During the First World War, approximately 680 were awarded. During the Second World War, 2,001 decorations were awarded, with 26 bars awarded.
Recipients of the Air Force Cross are entitled to use the post-nominal letters "AFC". A bar is added to the ribbon for holders of the AFC who received a second award. The bar has an eagle in the centre and the year of the award is engraved on the reverse.
The AFC was essentially a non-combat version of the Distinguished Flying Cross.
Materials: The majority of the British medals and clasps are made of solid silver, though some were issue in bronze versions, mainly to Indian non-combatants. The majority of the British campaign awards are circular, usually 36mm in diameter.
Ribbons: Medals are worn suspended from their own specific ribbons. These were first made of silk but cotton was increasingly used as the nineteenth century developed. Their own colours often have a symbolic significance: the equal stripes of the ‘1939 to 1945 Star,’ for example, are dark blue to represent the service of the Royal and Merchant Navies, red, to represent that of the Armies and light blue to represent that of Air Forces.

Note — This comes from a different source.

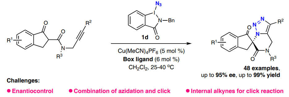 1,2,3-三氮唑作为高价值的骨架结构被广泛应用于药物发现、生物正交化学、合成化学和材料科学等领域。自从Sharpless和Meldal等人报道铜催化叠氮化物与炔烃的点击(Click)化学反应以来,由于该反应的高效性和优异的生物相容性,已成为高效合成外消旋1,2,3-三氮唑的重要方法。由于三氮唑骨架中没有sp3手性中心,以及叠氮化物和炔烃的线性几何结构等因素,手性三氮唑的合成仍然是一个富有挑战性的课题。近年来,通过(动态)动力学拆分或去对称化策略,成功实现了一系列铜催化的不对称点击反应,并构建出1,4-二取代的手性三氮唑化合物,但是对于1,5-二取代的手性三氮唑化合物的合成仍然鲜有报道。

Ribbon width can vary slightly though it is generally 32mm wide.
Ribbon – White with red broad diagonal stripes. The ribbon was originally white with red broad horizontal stripes, but changed in 1919.
Suspender - Straight
Type – Gallantry medal
Eligibility – British, Commonwealth (formerly) and allied forces
Awarded for – "... gallantry while flying but not on active operations against the enemy.
Established – 3rd June, 1918
Post nominals - AFC
Naming – issued unnamed
Total Awarded – 3,857
Clasps – A bar is added for those awarded further AFCs.
Description – The medal is a silver cross 60 mm high and 54 mm wide, representing aircraft propeller blades, with wings between the arms. The obverse depicts Hermes, mounted on a hawk in flight, bestowing a wreath. At the top of the upper arm is the royal crown, while the other three arms bear the royal cypher of the reigning monarch at the time of issue. For the Second World War DFCs the letters G (top), R (left), VI (bottom), and I (right) and for the Korea DFCs E (top), II (left), R (right), and the bottom blank. The top arm is ensigned by an Imperial Crown.
The George VI has King George VI's (Reigned 1936-52) royal cypher.
On the reverse of the award, within a central circle, the Royal Cypher GV, GVI, EIIR are engraved, above the date 1918, the year when the award was instituted. The AFC is issued unnamed.
A bar is awarded for an additional act which would have warranted the AFC. The bar has an eagle in the centre and the year of the award is engraved on the reverse.